That pcibios_prep_mwi code for sparc64 looks wrong, if you plug in a
device that doesn't implement MWI at all it will probably not let
anything get written to PCI_CACHE_LINE_SIZE other than 0, but it is
blindly succeeding in all cases. Even if the arch assumes the firmware
already set the size properly it should still make sure it is non-zero
before allowing MWI..
--
Robert Hancock Saskatoon, SK, Canada
To email, remove "nospam" from [email protected]
Home Page: http://www.roberthancock.com/
On Fri, Oct 06, 2006 at 03:59:57PM -0400, Jeff Garzik wrote:
> The unmodified tulip driver checks both MWI and cacheline-size because
> one of the clones (PNIC or PNIC2) will let you set the MWI bit, but
> hardwires cacheline size to zero.
Maybe the generic pci_set_mwi() can verify cacheline size is non-zero?

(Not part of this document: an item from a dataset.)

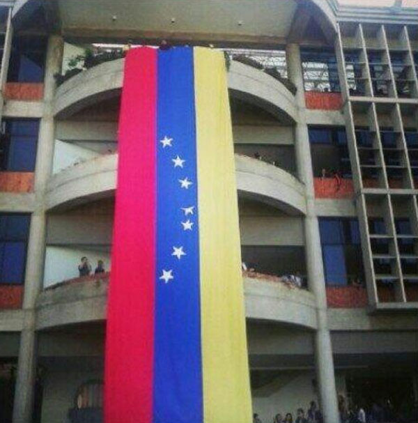Desplegaron una bandera gigante en el frente de esta casa de estudios.
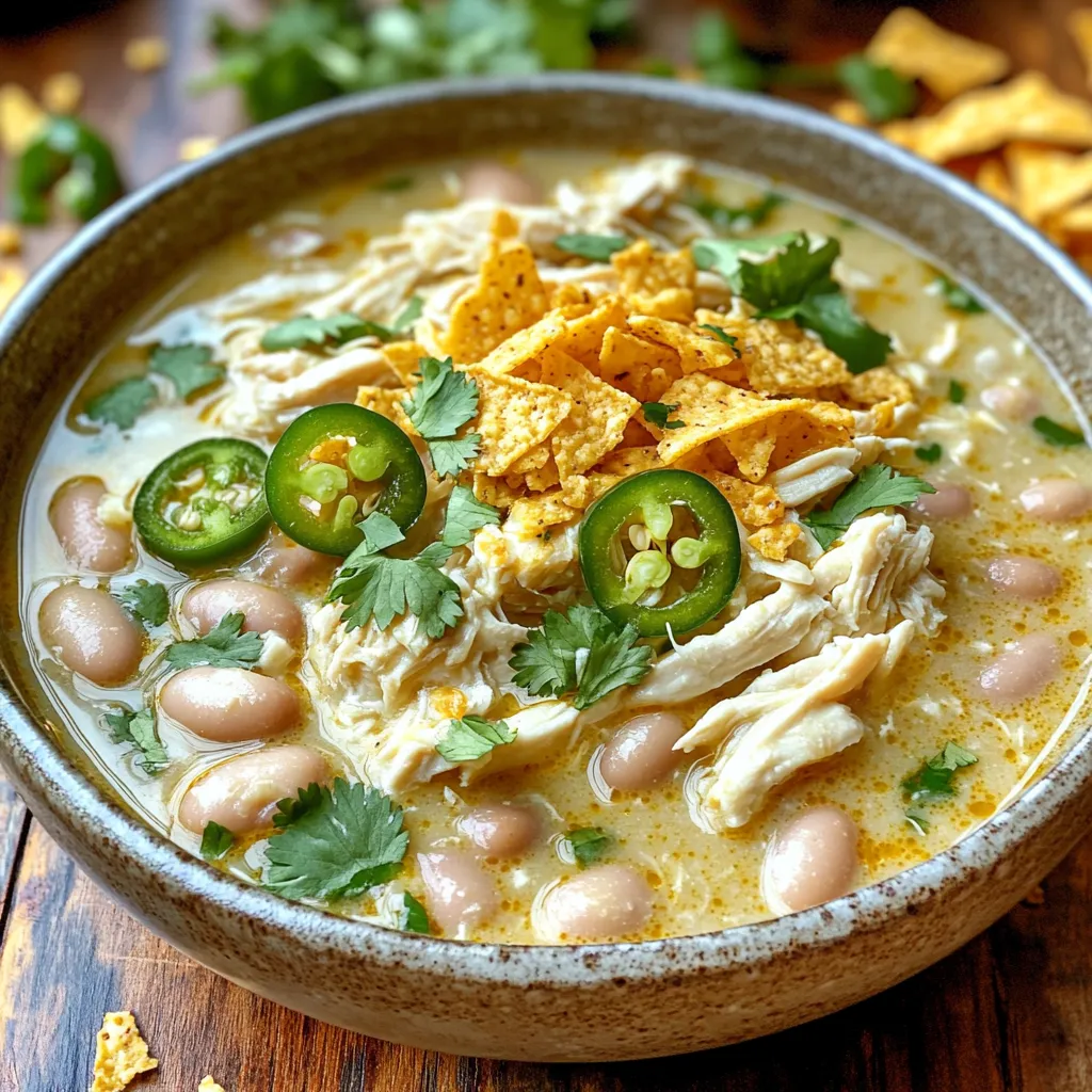 This creamy white chicken chili is full of flavors and warmth. The key ingredients work together to make each bite comforting. First, I use cooked chicken. Rotisserie chicken is my go-to because it saves time and adds great flavor.

I don't think each driver should need to enforce this.
> If the arches do not behave consistently, we need to keep the check in
> the tulip driver, to avoid incorrectly programming the csr0 MWI bit.
Why not fix the arches to be consistent?
There's alot more drivers than arches...and we have control
of the arch specific PCI support.
thanks,
grant
Grant Grundler wrote:
> On Fri, Oct 06, 2006 at 03:59:57PM -0400, Jeff Garzik wrote:
>> The unmodified tulip driver checks both MWI and cacheline-size because
>> one of the clones (PNIC or PNIC2) will let you set the MWI bit, but
>> hardwires cacheline size to zero.
>
> Maybe the generic pci_set_mwi() can verify cacheline size is non-zero?

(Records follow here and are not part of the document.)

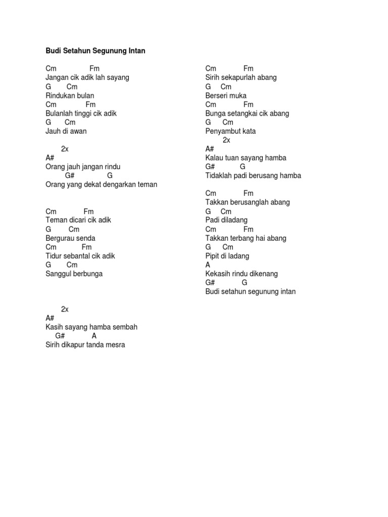 Lagu ini mengisahkan tentang 2 orang kawan rapat yang sebenarnya kedua-dua saling mencintai antara satu sama lain namun tidak pernah meluahkan perasaan masin. Dm G C F - Em Dm B E Am. Lama ku pendamkan F Em Dm sesungguhnya kau yang aku sayang E.
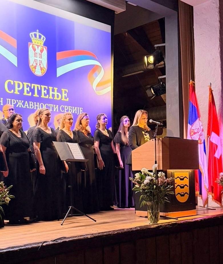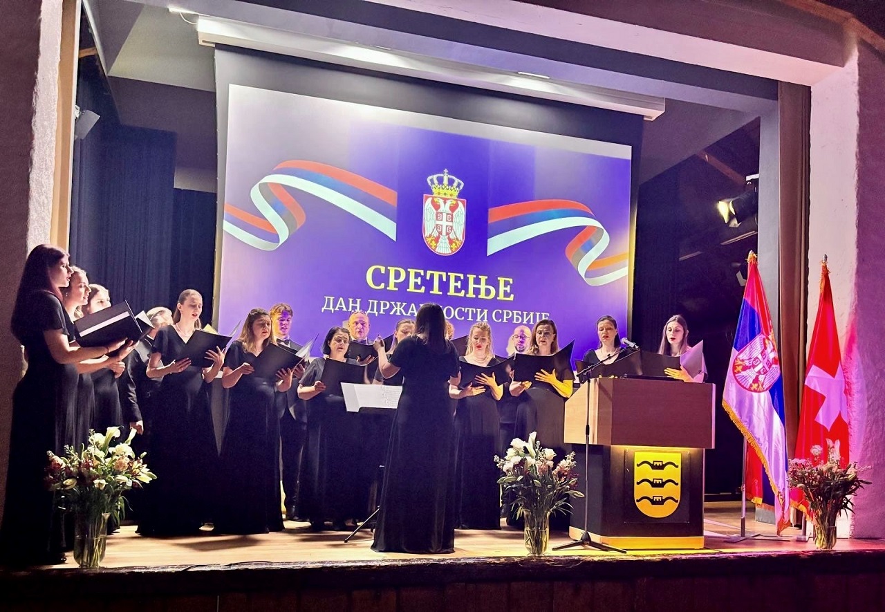 Poseban svečani ton događaju dao je hor „Bogorodičin“, koji je svojim dostojanstvenim i nadahnutim izvođenjem himni Republike Srbije i Švajcarske Konfederacije uneo snažan emotivni naboj i osećaj ponosa među prisutne. Ovaj ugledni hor, poznat po negovanju duhovne i tradicionalne muzike, svojim profesionalnim pristupom i usklađenim višeglasjem još jednom je potvrdio visok umetnički nivo i značaj kulturnog stvaralaštva naše zajednice u dijaspori.
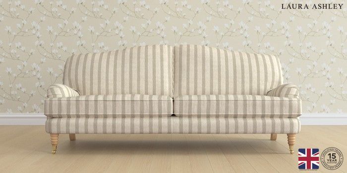 6.12.1 Buy Lynden by Laura Ashley 4 Seater Sofa Kinsham Stripe Natural Ornate Brass Castor - Light Oak from the Next UK online shop Click here to use our accessible website
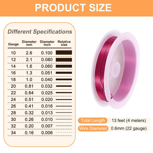 HARFINGTON 13ft Jewelry Wire, 22 Gauge (0.6mm) Brass Craft Soft Metal Tarnish Resistant Copper Beading Wire for Jewelry Making Supplies Crafting, Rose Red

> I don't think each driver should need to enforce this.
Agreed.
>> If the arches do not behave consistently, we need to keep the check in
>> the tulip driver, to avoid incorrectly programming the csr0 MWI bit.
>
> Why not fix the arches to be consistent?

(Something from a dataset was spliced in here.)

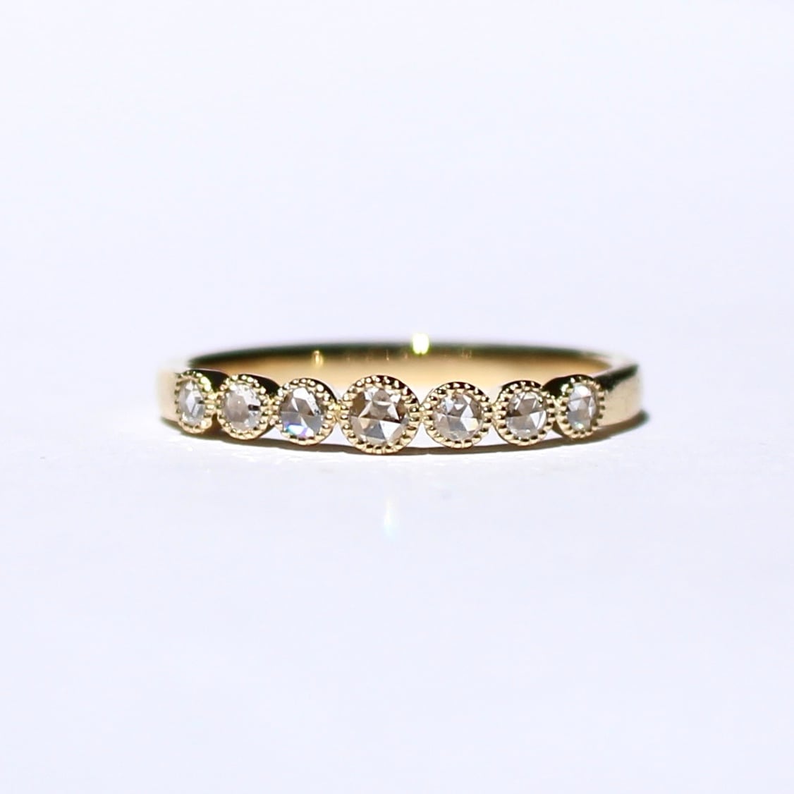 7ピースのローズカットダイヤモンドをミル打ち枠で仕立てました。

> There's alot more drivers than arches...and we have control
> of the arch specific PCI support.
Agreed.
Jeff
On Fri, 06 Oct 2006 13:05:18 -0600
Matthew Wilcox <[email protected]> wrote:
> Since some devices may not implement the MWI bit, we should check that
> the write did set it and return an error if it didn't.
>
> Signed-off-by: Matthew Wilcox <[email protected]>
>
> diff --git a/drivers/pci/pci.c b/drivers/pci/pci.c
> index a544997..3d041f4 100644
> --- a/drivers/pci/pci.c
> +++ b/drivers/pci/pci.c
> @@ -900,13 +900,17 @@ #endif
> return rc;
>
> pci_read_config_word(dev, PCI_COMMAND, &cmd);
> - if (! (cmd & PCI_COMMAND_INVALIDATE)) {
> - pr_debug("PCI: Enabling Mem-Wr-Inval for device %s\n", pci_name(dev));
> - cmd |= PCI_COMMAND_INVALIDATE;
> - pci_write_config_word(dev, PCI_COMMAND, cmd);
> - }
> -
> - return 0;
> + if (cmd & PCI_COMMAND_INVALIDATE)
> + return 0;
> +
> + pr_debug("PCI: Enabling Mem-Wr-Inval for device %s\n", pci_name(dev));
> + cmd |= PCI_COMMAND_INVALIDATE;
> + pci_write_config_word(dev, PCI_COMMAND, cmd);
> +
> + /* read result from hardware (in case bit refused to enable) */
> + pci_read_config_word(dev, PCI_COMMAND, &cmd);
> +
> + return (cmd & PCI_COMMAND_INVALIDATE) ? 0 : -EINVAL;
> }
>
> /**
Bisection shows that this patch
(pci-check-that-mwi-bit-really-did-get-set.patch in Greg's PCI tree) breaks
suspend-to-disk on my Vaio. It writes the suspend image and gets to the
point where it's supposed to power down, but doesn't.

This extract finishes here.